Data section START

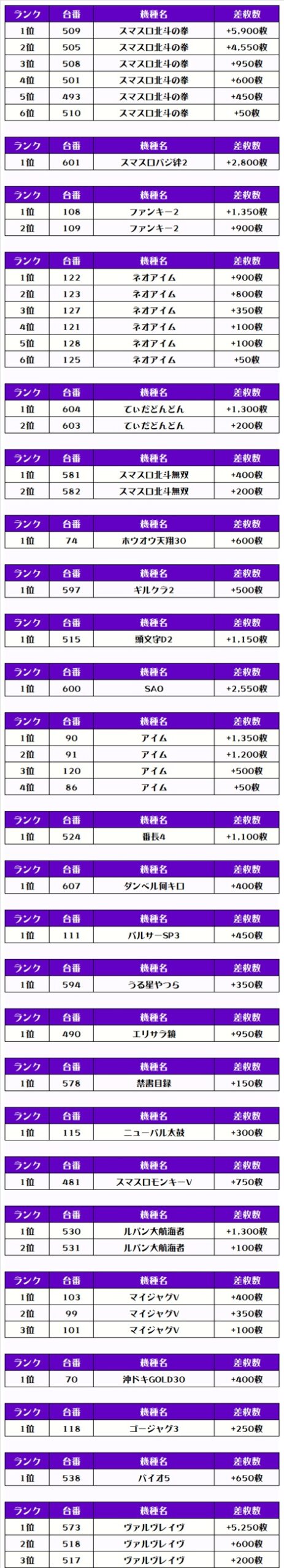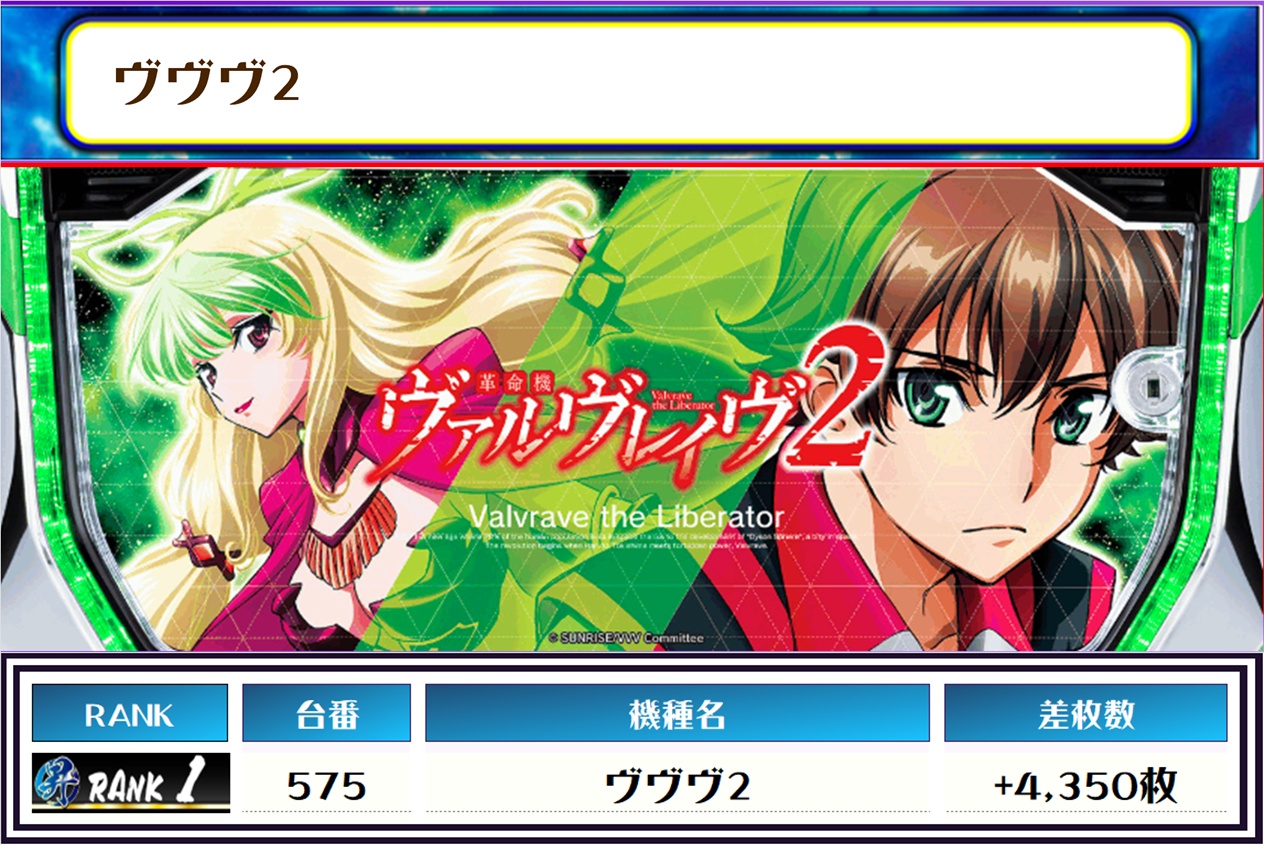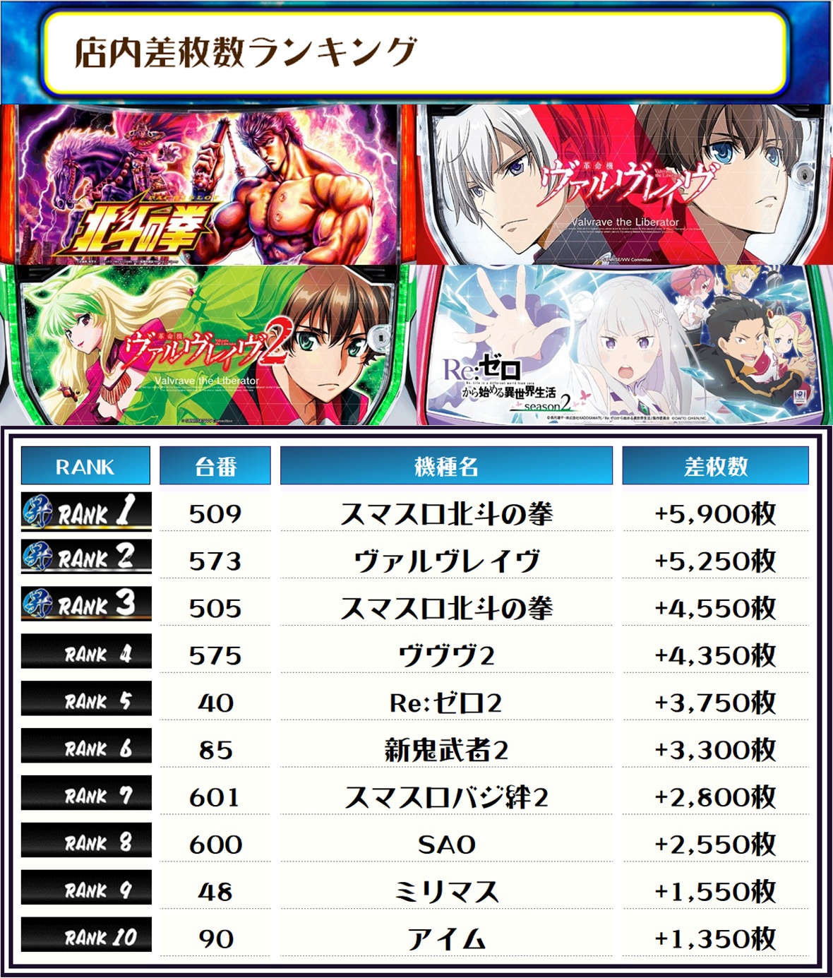 続く2位には【ヴァルヴレイヴ・573番台の+5,250枚、3位にはスマスロ北斗の拳・539番台の+4,550枚がランクインしました🎉🎉🎉🎉🎉
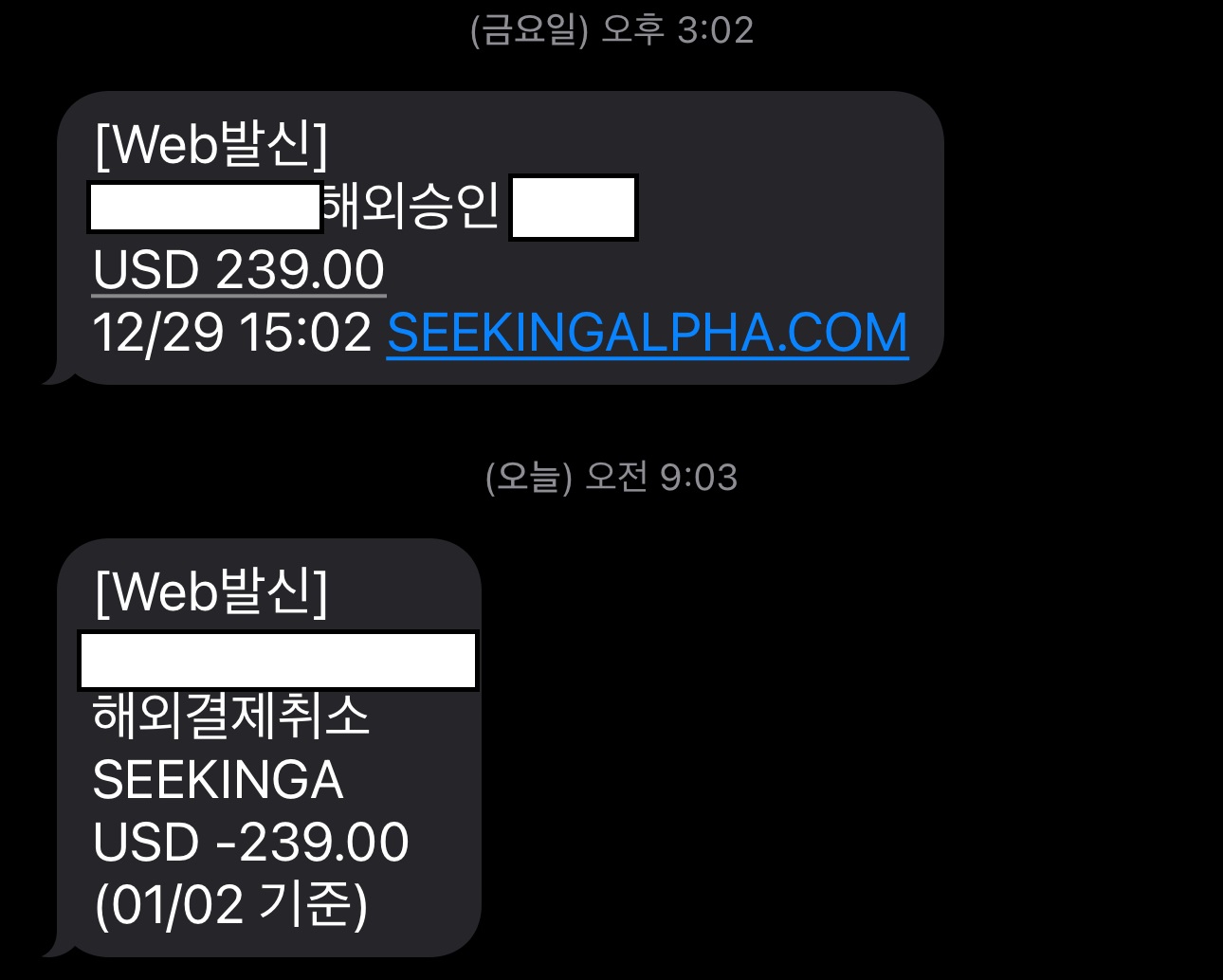 결과적으로 몇 번 보지도 않았네요. 스마트폰앱으로 접속을 하면 번역 기능이 안 되고, PC로 접속하기는 귀찮았습니다. 역시나 구독은 함부로 하면 안 되는 것 같습니다. 거기다 미리 구독 취소를 누르기를 깜빡하고 안 했습니다. 그러다 1년이 훌쩍 지났고, 2023년 12월 29일 카드 문자 메시지가 도착하였습니다. 자동 구독 갱신이 되어 239달러가 결제되었습니다.
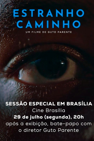 Estranho Caminho. Dir. Guto Parente. Drama, Fantasia. BR. 2023. 83 min. 14 anos. Um jovem cineasta que visita sua cidade natal é surpreendido pelo rápido avanço da pandemia e precisa encontrar seu pai, com quem não fala há mais de dez anos. Depois do primeiro encontro, coisas estranhas começam a acontecer
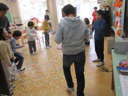 5日、つくし学級では、保護者の方もいらしてくださり、卒業・進級を祝う会が開かれました。先日、子ども達が計画して行ったお別れ遠足の写真を見て、振り返りをしました。さらに、音楽の学習した歌を歌い、すてきな歌声を披露しました。また、卒業生にお手紙を書いて渡したり、卒業生は、この1年を振り返ってのお手紙を読んだりしました。最後に卒業生が退場の際には、みんなで紙吹雪を散らしてお祝いをしました。なごやかな雰囲気の中、思い出に残る会が開かれました。
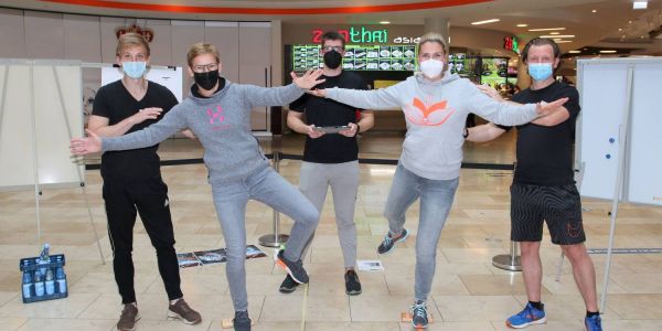 Die Tus-Harburg-Trainer Frederik, Jonathan und Christian helfen Centermanagerin Julita Hansen und ihrer Kollegin Claudia Theisel bei den Übungen für das "Europäische Fitnessabzeichen". Foto: Christian Bittcher
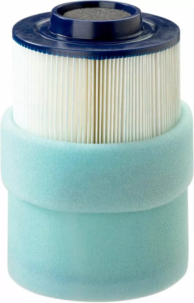 • Coarse outer foam traps large particles while fine inner foam catches the finest dust
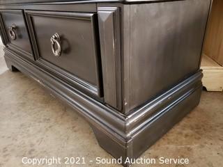Lot Details: Drawers have ball bearing drawer guides. Vinyl has some cat claw marks, some scuffs, refer to photos for condition. 20" H x 48" W x 19" D.
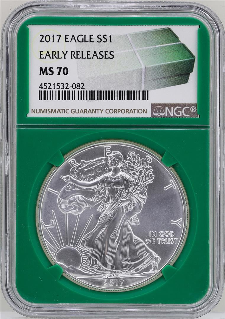 2017 $1 American Silver Eagle Coin NGC MS70 Early Releases Green Core
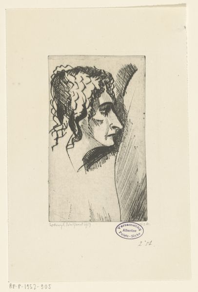 Editor: Here we have Elie Nadelman's "Woman's Head in Profile." It's an etching. It's so delicate and refined. What do you see in this piece? Curator: I see the echo of archaic sculpture, a stylized ideal. Her hair, arranged in those perfect, almost geometric forms, recalls ancient Greek hairstyles. It suggests enduring notions of beauty and order. Do you feel that connection? Editor: I hadn't considered that, but now I see it! It’s like she's been pulled from another time. Thanks!
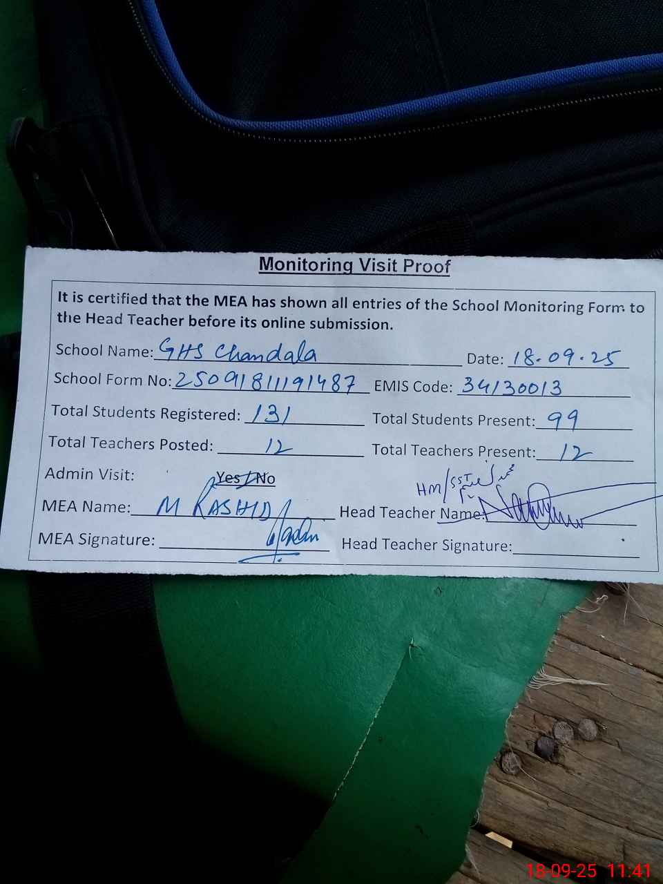 | EMIS Code: 34130013 | Name of School: GHS CHANDALA | |||
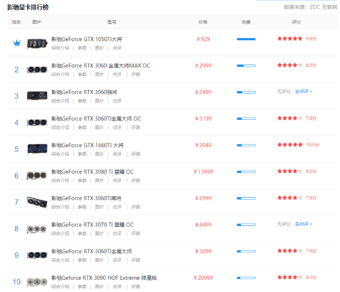 影驰显卡系列高低排行榜单
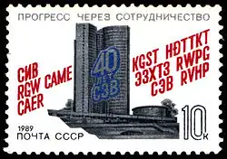 - ↑ Название организации на языках стран-членов и наблюдателей: алб. Këshilli i Ndihmës Ekonomike Reciproke, KNER, англ. Comecon, The Council for Mutual Economic Assistance, араб. مجلس التعاون الاقتصادي, болг. Съвет за икономическа взаимопомощ, СИВ, венг. Kölcsönös Gazdasági Segítség Tanácsa, KGST, вьет. Hội đồng Tương trợ Kinh tế, HĐTTKT, исп. Consejo de Ayuda Mutua Económica, CAME, кит. 经济互助委员会, кор. 경제 상호 원조 회의, монг. Эдийн Засгийн Харилцан Туслалцах Зөвлөл, ЭЗХТЗ, нем. Rat für Gegenseitige Wirtschaftshilfe, RGW, пол. Rada Wzajemnej Pomocy Gospodarczej, RWPG, порт. Conselho para Assistência Económica Mútua, CAEM, рум. Consiliul de Ajutor Economic Reciproc, CAER, серб. Савет за узајамну економску помоћ, словац. Rada Vzájomnej Hospodárskej Pomoci, RVHP, перс. کمکان, фин. Keskinäisen taloudellisen avun neuvosto, чеш. Rada Vzájemné Hospodářské Pomoci, RVHP
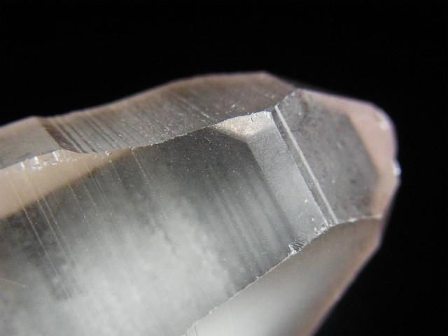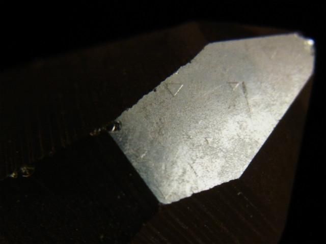 水晶は二酸化ケイ素で構成されており、これが分子レベルで繋がり結晶して、やがて成長丘と呼ばれる三角形△の形で成長し、この成長丘が沢山連なり、やがて大きな錐面が構成されます。
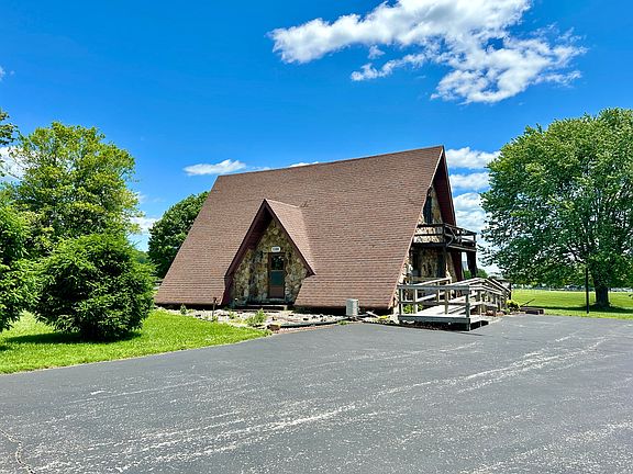 Welcome to your ideal home! This unique 3- bedroom and 2-bathroom A-Frame offers 1600 square feet of potential, sitting on 1.3 unrestricted acres of serene landscape. The stone and wood exterior gives the property a classic yet rustic charm. A detached garage provides ample space for storage or projects. the property has an old dairy milking parlor that could be a multipurpose building, while the unfinished basement offers endless possibilities for customization according to your needs. Enjoy year-round comfort with natural gas heat and central air, this detached gem is a rare find, offering both privacy and opportunity. Don't miss your chance to own this incredible property!!
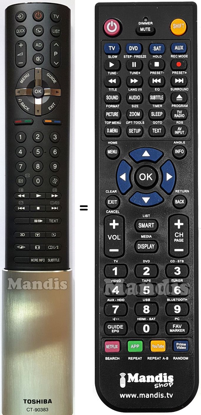 Início > Marcas > Comandos à Distância Toshiba > Controle remoto para Toshiba CT90383
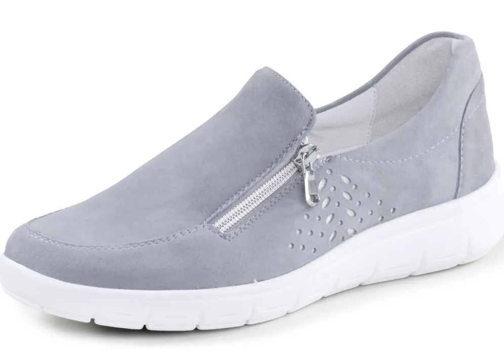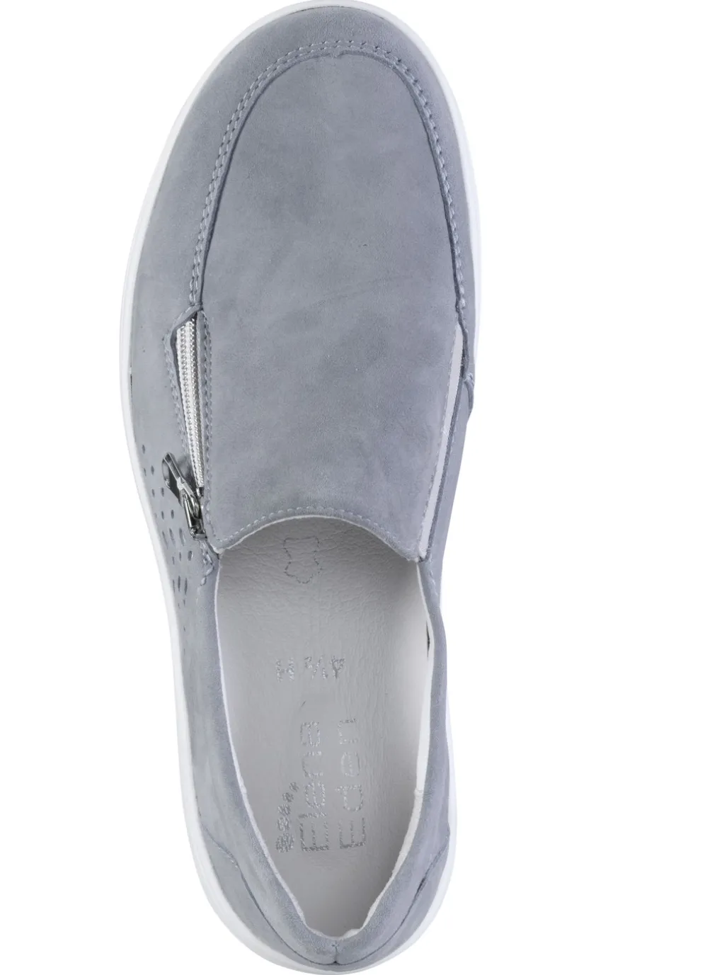 ELENA EDEN-Slipper aus hochwertigem Veloursleder mit Zier-Perforation und seitlichem Reißverschluss: Weite H, seitlich eingesetzter Gummizug, Lederfutter, herausnehmbares Lederfußbett, leichte PU-Luftpolster-Profilsohle sowie 20 mm Keilabsatz
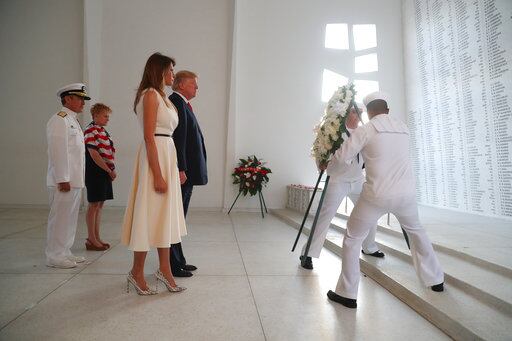 Trump saluted after entering the memorial following a short boat ride with first lady Melania Trump. They approached a wreath of white flowers — a gift from the couple — and watched as two sailors who stood beside it at attention placed the wreath near a wall of names of the fallen.
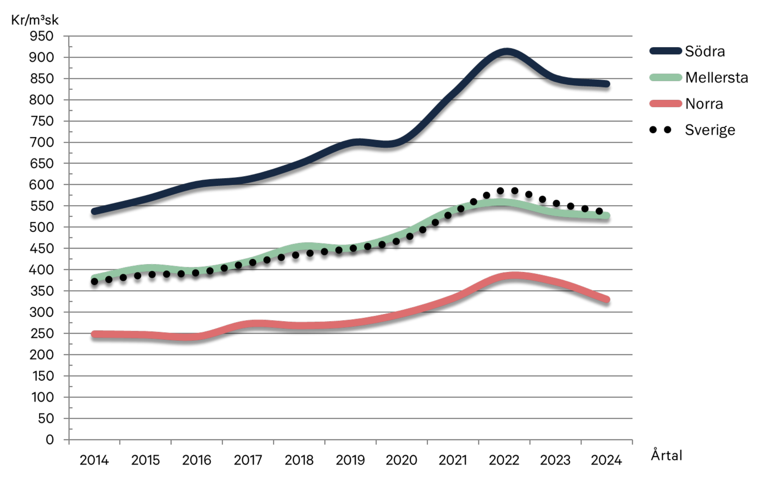Grafen nedan visar hur skogspriset förändrats under en 10-årsperiod. Den lodräta axeln (Y-axeln) speglar priset i kubikmeter. Den vågräta axeln (X-axeln) visar på tiden från 2014 till 2024.

Data section END

(Exercise description) Your task is to transcribe all of the records precisely, with no images included.

(Solution for this task)
 続く2位には【ヴァルヴレイヴ・573番台の+5,250枚、3位にはスマスロ北斗の拳・539番台の+4,550枚がランクインしました🎉🎉🎉🎉🎉
 결과적으로 몇 번 보지도 않았네요. 스마트폰앱으로 접속을 하면 번역 기능이 안 되고, PC로 접속하기는 귀찮았습니다. 역시나 구독은 함부로 하면 안 되는 것 같습니다. 거기다 미리 구독 취소를 누르기를 깜빡하고 안 했습니다. 그러다 1년이 훌쩍 지났고, 2023년 12월 29일 카드 문자 메시지가 도착하였습니다. 자동 구독 갱신이 되어 239달러가 결제되었습니다.
 Estranho Caminho. Dir. Guto Parente. Drama, Fantasia. BR. 2023. 83 min. 14 anos. Um jovem cineasta que visita sua cidade natal é surpreendido pelo rápido avanço da pandemia e precisa encontrar seu pai, com quem não fala há mais de dez anos. Depois do primeiro encontro, coisas estranhas começam a acontecer
 5日、つくし学級では、保護者の方もいらしてくださり、卒業・進級を祝う会が開かれました。先日、子ども達が計画して行ったお別れ遠足の写真を見て、振り返りをしました。さらに、音楽の学習した歌を歌い、すてきな歌声を披露しました。また、卒業生にお手紙を書いて渡したり、卒業生は、この1年を振り返ってのお手紙を読んだりしました。最後に卒業生が退場の際には、みんなで紙吹雪を散らしてお祝いをしました。なごやかな雰囲気の中、思い出に残る会が開かれました。
 Die Tus-Harburg-Trainer Frederik, Jonathan und Christian helfen Centermanagerin Julita Hansen und ihrer Kollegin Claudia Theisel bei den Übungen für das "Europäische Fitnessabzeichen". Foto: Christian Bittcher
 • Coarse outer foam traps large particles while fine inner foam catches the finest dust
Lot Details: Drawers have ball bearing drawer guides. Vinyl has some cat claw marks, some scuffs, refer to photos for condition. 20" H x 48" W x 19" D.
 2017 $1 American Silver Eagle Coin NGC MS70 Early Releases Green Core
 Editor: Here we have Elie Nadelman's "Woman's Head in Profile." It's an etching. It's so delicate and refined. What do you see in this piece? Curator: I see the echo of archaic sculpture, a stylized ideal. Her hair, arranged in those perfect, almost geometric forms, recalls ancient Greek hairstyles. It suggests enduring notions of beauty and order. Do you feel that connection? Editor: I hadn't considered that, but now I see it! It’s like she's been pulled from another time. Thanks!
 | EMIS Code: 34130013 | Name of School: GHS CHANDALA | |||
 影驰显卡系列高低排行榜单
 - ↑ Название организации на языках стран-членов и наблюдателей: алб. Këshilli i Ndihmës Ekonomike Reciproke, KNER, англ. Comecon, The Council for Mutual Economic Assistance, араб. مجلس التعاون الاقتصادي, болг. Съвет за икономическа взаимопомощ, СИВ, венг. Kölcsönös Gazdasági Segítség Tanácsa, KGST, вьет. Hội đồng Tương trợ Kinh tế, HĐTTKT, исп. Consejo de Ayuda Mutua Económica, CAME, кит. 经济互助委员会, кор. 경제 상호 원조 회의, монг. Эдийн Засгийн Харилцан Туслалцах Зөвлөл, ЭЗХТЗ, нем. Rat für Gegenseitige Wirtschaftshilfe, RGW, пол. Rada Wzajemnej Pomocy Gospodarczej, RWPG, порт. Conselho para Assistência Económica Mútua, CAEM, рум. Consiliul de Ajutor Economic Reciproc, CAER, серб. Савет за узајамну економску помоћ, словац. Rada Vzájomnej Hospodárskej Pomoci, RVHP, перс. کمکان, фин. Keskinäisen taloudellisen avun neuvosto, чеш. Rada Vzájemné Hospodářské Pomoci, RVHP
 水晶は二酸化ケイ素で構成されており、これが分子レベルで繋がり結晶して、やがて成長丘と呼ばれる三角形△の形で成長し、この成長丘が沢山連なり、やがて大きな錐面が構成されます。
 Welcome to your ideal home! This unique 3- bedroom and 2-bathroom A-Frame offers 1600 square feet of potential, sitting on 1.3 unrestricted acres of serene landscape. The stone and wood exterior gives the property a classic yet rustic charm. A detached garage provides ample space for storage or projects. the property has an old dairy milking parlor that could be a multipurpose building, while the unfinished basement offers endless possibilities for customization according to your needs. Enjoy year-round comfort with natural gas heat and central air, this detached gem is a rare find, offering both privacy and opportunity. Don't miss your chance to own this incredible property!!
 Início > Marcas > Comandos à Distância Toshiba > Controle remoto para Toshiba CT90383
 ELENA EDEN-Slipper aus hochwertigem Veloursleder mit Zier-Perforation und seitlichem Reißverschluss: Weite H, seitlich eingesetzter Gummizug, Lederfutter, herausnehmbares Lederfußbett, leichte PU-Luftpolster-Profilsohle sowie 20 mm Keilabsatz
 Trump saluted after entering the memorial following a short boat ride with first lady Melania Trump. They approached a wreath of white flowers — a gift from the couple — and watched as two sailors who stood beside it at attention placed the wreath near a wall of names of the fallen.
Grafen nedan visar hur skogspriset förändrats under en 10-årsperiod. Den lodräta axeln (Y-axeln) speglar priset i kubikmeter. Den vågräta axeln (X-axeln) visar på tiden från 2014 till 2024.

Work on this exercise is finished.